I'm building "mex files" which are C dylibs that can be called directly from Matlab. By porting the numerical integration portion of our prototype from Matlab to C I already got a 5-10x speed increase without any particular thought yet to advanced speed optimizations. Although, it seems likely gcc is already verctorizing my code.

I'm using gcc 4.0 cuz thats what XCode 2.4.1 has (and it's still the same in XCode 3, it seems). Apple has their own version of gcc so I guess the numbering may be different, although I know Apple's gcc 4.0 is based on gnu gcc 4.0.1.

I'll build a standalone C app for my tests instead of running them via dylibs with Matlab as a gui interface. That will be cleaner and isolate if something strange is happening with that setup.

As for the length of vectors that would make MKL competitive with auto-vectorization: I've tested a little more, using vectors with 1 million elements, but with less looping to keep the overall number of elemental calculations the same. It's interesting. The times for VML vzAbs and vzMul functions are practically flat. VML vzAdd and my custom routines slow down by up to 4x.
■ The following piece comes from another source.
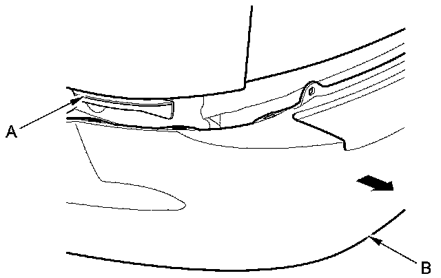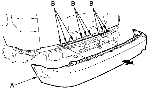4. With the help of an assistant, pull out the rear bumper (A) to release the rear bumper from the hooks (B).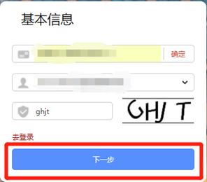 4.点击后出现下图所示,继续输入证件号码,点击确定自动生成报名号,点击下一步进行密码修改。

But my routines are still faster than VML by up to 4x. That seems strange to me, so could there be something wrong with my testing methodology?

My test code looks like this:

start clock
for n=0; n vdMul(testVector)
stop clock
report time

start clock
for n=0; n MyComplexMul(testVector)
stop clock
report time

Does this kind of test even make sense?

Cheers and thanks,
Michael

TimP · ‎11-22-2007

I got the impression from your earlier posting that you were performing multiply and add tests, where the compiler would have the advantage of "chaining" the operations (in the terminology of 25 years ago) rather than incurring cache misses between the operations.
If you select the best timers, you should be able to get adequate timing down to loop lengths of 10000. I don't know the details of what is available on MacOS, but you could use rdtsc low level timers even without specific support for them.
If you have EIST, you would need to disable it in the BIOS for these timing tests.
If you would upgrade to a current gcc or Intel compiler, you would have available the omp_wtime timer, which probably uses gettimeofday() or the like, which you should have already.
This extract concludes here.